If he's just hanging around, please give him a bit of bread or seed and maybe a bowl of water and see if you can see a band on him. He's likely used to being cared for (fed and watered and such) and got lost on a race. Sometimes after they rest for a day or two, they will take off on their own and go back home. He may be tame enough to just pick up to check his band, if he does have one, or you can use a simple laundry basket or box trap (or long-handled fishing net works great)to catch him temporarily if you need. If you do see a band and are able to catch him, please do NOT take him to the animal shelter or wildlife center. That usually ends in euthanasia, one way or another, unfortunately. You could also tell us your general area and we may have a member nearby who can just stop by and get him. Thanks again for helping him and good luck!


----------



## tuxedobaby (Sep 9, 2008)

are you in the uk?(i was looking at cars,look like uk cars)dont contact RSPCA a sthey have little time for pigeons,,nor do the RSPB!!!!)if he has a band on his leg,try to catch im and read info on his band,it will have something like NEHU and a number,when you find out,go to appropriate club website,get phone number and report him and hopefully his owner will claim him back,i have an unclaimed racer who no one took back(over a year ago)and she is with my flock now(amigo,her name is)in meantime,give him some seed and fresh water


----------



## VoiceOfAmerica (Apr 20, 2009)

Well, there is not a band on his/her leg (but there is one on mine HAHHA). I'm not in the UK, just here in the good old USA.

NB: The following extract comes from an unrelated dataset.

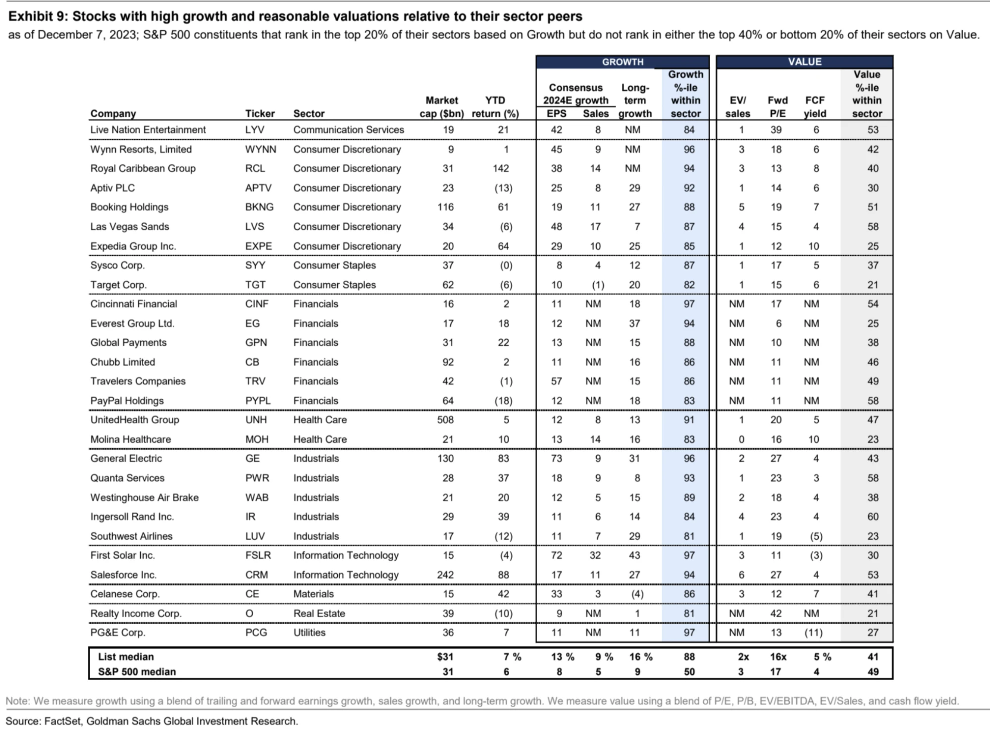 下图是 GS 筛选的相对于行业同行具有高增长和合理估值的股票。这些股票在增长方面排名在其行业的前 20% ,但估值既没有排名在其行业的前 40% 也没有排名后 20% :

I've put water and bread out for it, but I really need to get it off the balcony. The problem is it tries to fly out, and whammo - it hits the plexiglass around the balcony. He really doesn't understand glass.

Should I try to push it out with a broom? I promise to be gentle. I don't want to hurt it, but I really can't have it staying there.

Thanks in advance for all your help.


----------



## Lovebirds (Sep 6, 2002)

VoiceOfAmerica said:


> Well, there is not a band on his/her leg (but there is one on mine HAHHA). I'm not in the UK, just here in the good old USA.
> 
> I've put water and bread out for it, but I really need to get it off the balcony. The problem is it tries to fly out, and whammo - it hits the plexiglass around the balcony. He really doesn't understand glass.
> 
> ...


Take away the water and bread. If it can't be there, you don't want to feed it or it might stay OR come back. 
You can try shooing it away with a broom. Might help if you get low, down on his terms so that he will fly UP instead of straight. Maybe he's just confused about how to get off of the balconey.


----------